I thought I was ready to accept things last week. I thought I was already letting go, but after several conversations with him, I back to square 1. Now it's really over. I finally figured that he doesn't love me anymore but doesn't have the guts to say it. I told him the same line and his reply was "Sorry!". Seeing his posts in FB makes me believe that there's another guy. Maybe it's the same guy. But whatever the reason is, the point is that we're over. He ended it.
I would still like to believe that things happen for a reason. Maybe I deserve to learn this the hard way. I have been probably forgetting myself already, or have been loving too much.

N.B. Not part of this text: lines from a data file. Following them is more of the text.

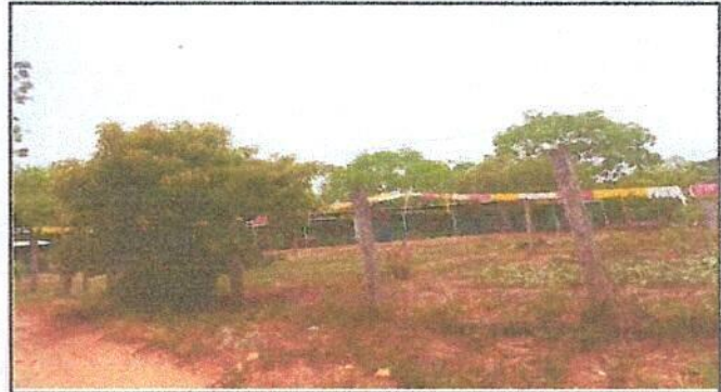
Foto 2: Reparación de muro perimetral con tubo hg y malla galvanizada
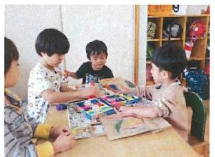
ハロウィンのお土産袋を自分たちで作っているよ。
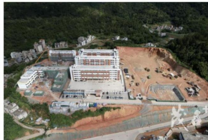
(怀乡中心小学、幼儿园迁建项目地)
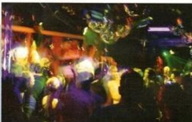
Acanthus is de grootste parenclub in de Benelux. Bezoekers kunnen op het gelijkvloers eten en dansen. Op de eerste verdieping zijn de liefdeskamers.
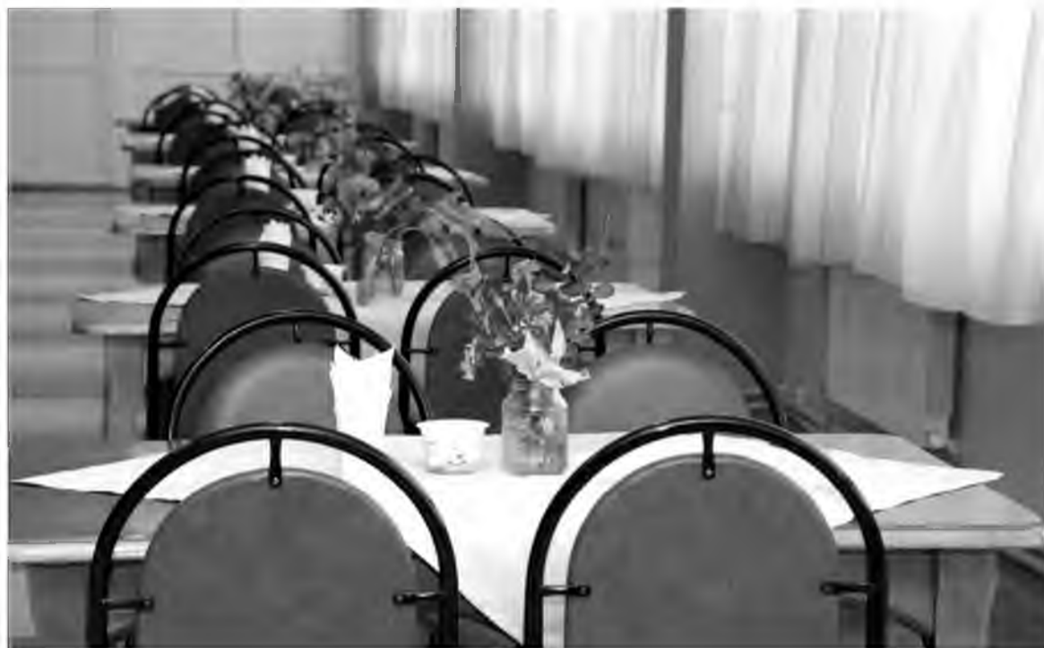
Сытно и аппетитно кормят в столовых Тольяттиазота

Общение сотрудников общепита и заводчан помогает решать и вопросы, связанные с развитием... культуры. В общечеловеческом и корпоративном смысле. Участники опросов выразили пожелание видеть на столах не алюминиевые прибо-
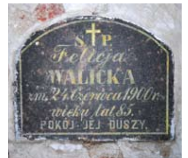
Vienas palaidojimų, datuo- jamas 1900 metais.
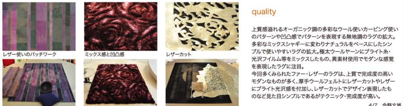
レザー使いのパッチワーク
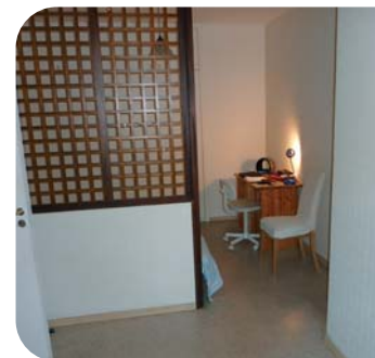
Exemple de logement

Ces logements peuvent également être utilisés pour des hébergements ponctuels. Par exemple

For the past hours, I have been carrying this pain in my chest. Something that I think would last for a very long time. God knows how much I love him. But I can't hold on to something that I do not have. All that's left now are memories of what used to be. And the worse part is, I've come to realize how much space he occupied in my heart. Every place I go to reminds me of him. A while ago I was in Cybermall looking for something to eat when I saw Mang Inasal. I remember the day when he had a training in Eastwood and we ate lunch together. I was happy then, though now that I thought of it, maybe he was already in love with someone else at that time.
I find it interesting to know that the simple things you do with someone you love makes a deep cut in your memories. They sculpt you to what you are now. These are insignificant things that you do with your partner, but when you're already on your own, you realize that they have made a deep cut to your heart. Strong memories that bring back intensified emotions. And when you wake up, you'll see nothing but know that it is there because you still feel the pain.
Life must go on. The trick is keep breathing. That's what I'm gonna do. When I'm ready, I'll post my last entry to this blog. A letter to him.